First of all, the UK real estate sector has done well with a 7% gain year to date, comprising property companies such as British Land, Land Securities and Hammerson.
Secondly, Technology stocks have done well, with US tech giants such as Microsoft and Amazon close to year highs.
This can be seen in the outperformance of the iShares UK Property ETF (code: IUKP) and the Powershares Nasdaq 100 ETF (code: EQQQ) since the beginning of this year (Chart 3).
Both of these exchange-traded funds have outperformed the FTSE 100 index by a wide margin over the year, by over 17% since January. And I think this can continue into the New Year as well.

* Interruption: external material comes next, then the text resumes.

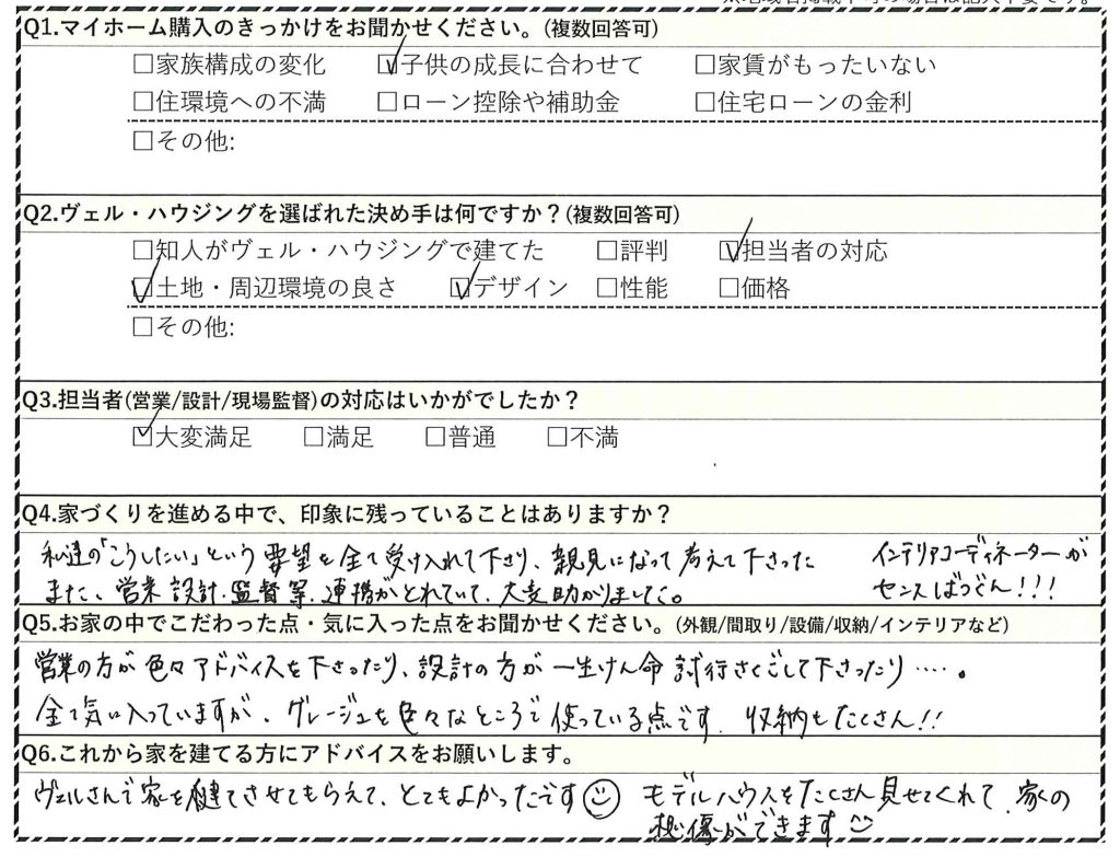 ヴェルさんで家を建てさせてもらえてとてもよかったです

Property supported by solid economic trends
The UK economy continues to grow well, which is precisely why the Bank of England is considering raising interest rates sometime this year. Property in particular is sensitive to economic growth trends, so should continue to deliver god returns on the back of this domestic trend.
Commercial property values continue to rise steadily, with strong growth in London and the South East in common with residential house prices, and still offer reasonable rental yields to investors. All of this suggests that the UK property ETF can continue to perform well into 2016.
Nasdaq helped by strong technology trends.
The Nasdaq technology-rich index in the US has performed well up to now, fuelled by strong performance of the four Tech Horsemen – Google (now called Alphabet), Facebook, Amazon and Microsoft.
The strong growth both in cloud computing and online retailing is fuelling these technology stocks, and should continue to drive profit growth in 2016 as well. So there is good reason to expect the Nasdaq index, and the Nasdaq 100 ETF, to continue to make further gains into 2016.
A 2016 stock pick: British Aerospace
If you are looking for a UK share to buy for 2016, then I would suggest British Aerospace (UK code: BA). Why? Well, because one key trend that I see is a substantial increase in defence spending by NATO countries including the UK, US, France and Germany next year driven by the need to intervene against Islamic State (Isis) more forcefully in Syria and elsewhere, plus to counter the rising military power of Russia.
British Aerospace is well-positioned to capitalise on this trend as it is a huge supplier of defence equipment such as aircraft, missiles and tanks to these countries. In addition, it pays a handsome 5% dividend yield, so also providing the investor with a generous dividend income too.
So those are my three investing ideas for 2016 that should benefit from a rebound in stock markets – the iShares UK Property ETF (IUKD), the Powershares Nasdaq EQQQ ETF (EQQQ) and British Aerospace (BA.).